Tufts researchers engineer new way to produce compound for anti-cancer drug

    Researchers from Tufts and Massachusetts Institute of Technology (MIT) have come one step closer to making strides against cancer with the recent discovery of a more efficient and cost-effective method of producing taxadiene, the precursor to the anti-cancer drug Taxol.

    Taxol, also known as Paclitaxel, has powerful medicinal properties and is used as a treatment for many types of cancers, including lung, ovarian and breast cancers, according to Blaine Pfeifer, the lead researcher on the project and an assistant professor of Chemical and Biological Engineering at Tufts.

    The new technique, which creates the molecule taxadiene using E. coli bacteria, allows scientists to produce 1,000 times more of the molecule than previous engineered microbial techniques.

    Researchers published the results of the project in the Oct. 1 issue of the journal Science.

    Taxadiene was originally procured from the bark of the yew tree, but this technique was inefficient, according to Greg Stephanopoulos, a professor of Chemical Engineering and Biotechnology at MIT, who led the team of project researchers.

    "It was inefficient because two to four fully grown trees of [the] age of 100 years had to be destroyed in order to extract enough materials for the treatment of one patient," he said.

     The 1990s saw progress as bioengineers resorted to extracting molecules from the needles of the decorative yew instead of relying on fully grown trees to produce Taxol, according to Stephanopoulos.

    The overall yield, however, was nevertheless modest and uneconomical.
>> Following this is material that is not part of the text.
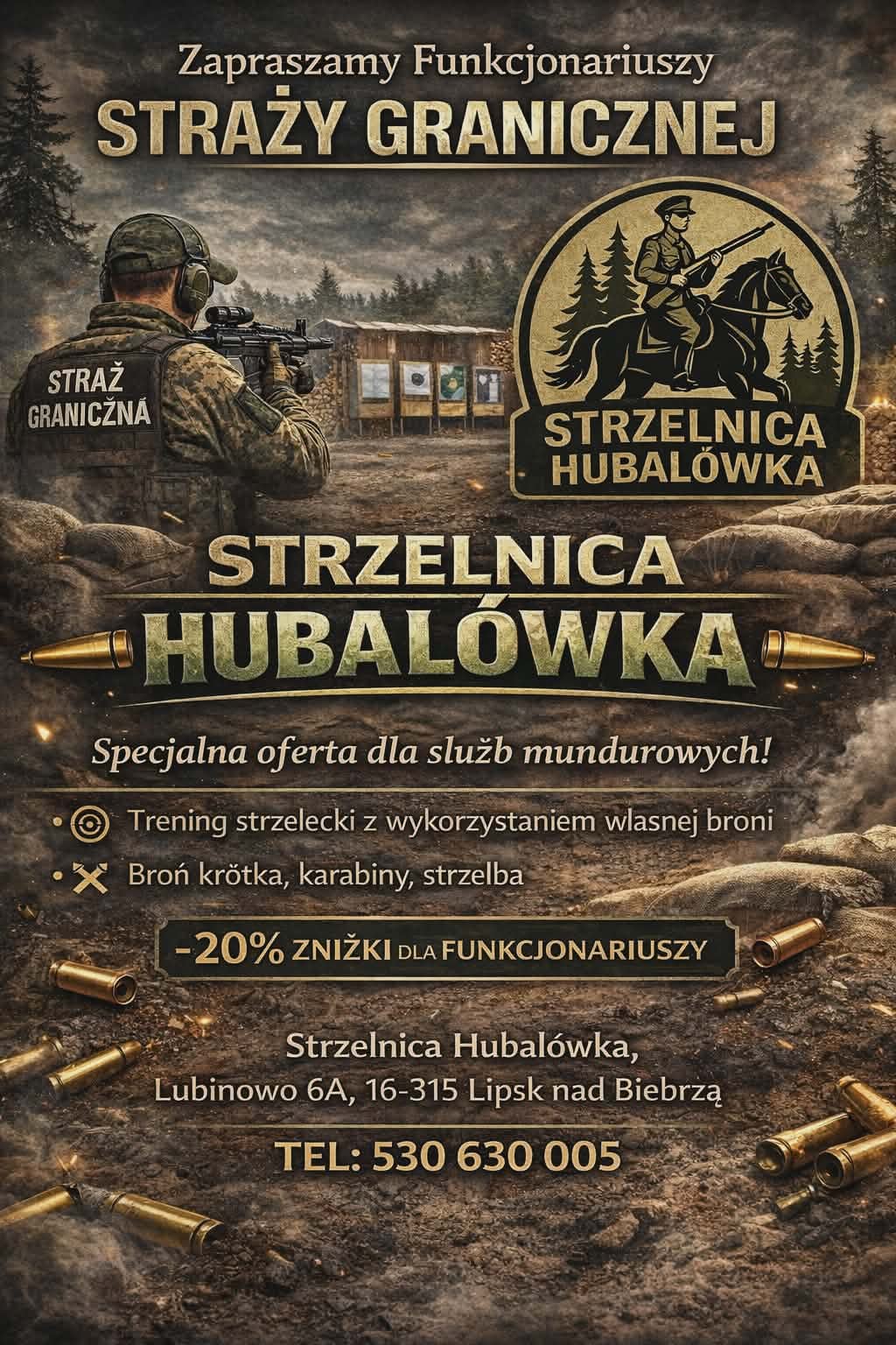 W przypadku organizacji zawodów, strzelań indywidualnych i grupowych należy kontaktować telefonicznie – 530 630 005.

Researchers therefore became interested in the possibility of synthesizing Taxol through a procedure that was free of plant biology, according to Pfeifer.

    Stephanopoulos noted that the solution was discovered within E. coli bacteria found in the intestinal tracts of warm-blooded organisms.

    The scientific procedure involves retrieving a cell from the yew tree and transplanting it into E. coli via molecular biological methods, Pfeifer said.

    E. coli was chosen as the principal agent in this project, which relied on chemical engineering, because of its simple structure, according to Pfeifer.

    "E. coli grows much more frequently, is easy to manipulate and is engineering-friendly," Pfeifer said.

    The success the project achieved was groundbreaking, according to Yong Wang, a professor at East China University of Science and Technology, who contributed to the research.

    "To get this kind of complex compound [Taxol] from E. coli without introducing additional pathways for precursor supply is unprecedented," Wang told the Daily in an e-mail.

    Even though the taxadiene discovery presents just one step in Taxol production, Pfeifer views the project as a stepping stone for further advancements in the production of the anti-cancer agent.

    "With this success, we hope that similar engineering can be done to reach the final compound," Pfeifer said. "There's hope that there must be a more cost-effective, resource-effective route towards Taxol."

    "We are also hopeful that we could make new derivatives of Taxol by manipulating the pathways to produce better anti-cancer drugs," Pfeifer added.

    Some of the noteworthy challenges to the project were molecular biological in nature, like the obstacle of bottlenecks, which arise when a lack of enzymes slows molecular synthesis, according to Stephanopoulos.

    "When bottleneck is overcome, then that allows the microorganism to synthesize the molecule at a much higher rate," Stephanopoulos said.

    National Institutes of Health, a federal organization that provides financial support for biomedical research, was one of the critical sources of funding for the project, which lasted about three years, according to Stephanopoulos.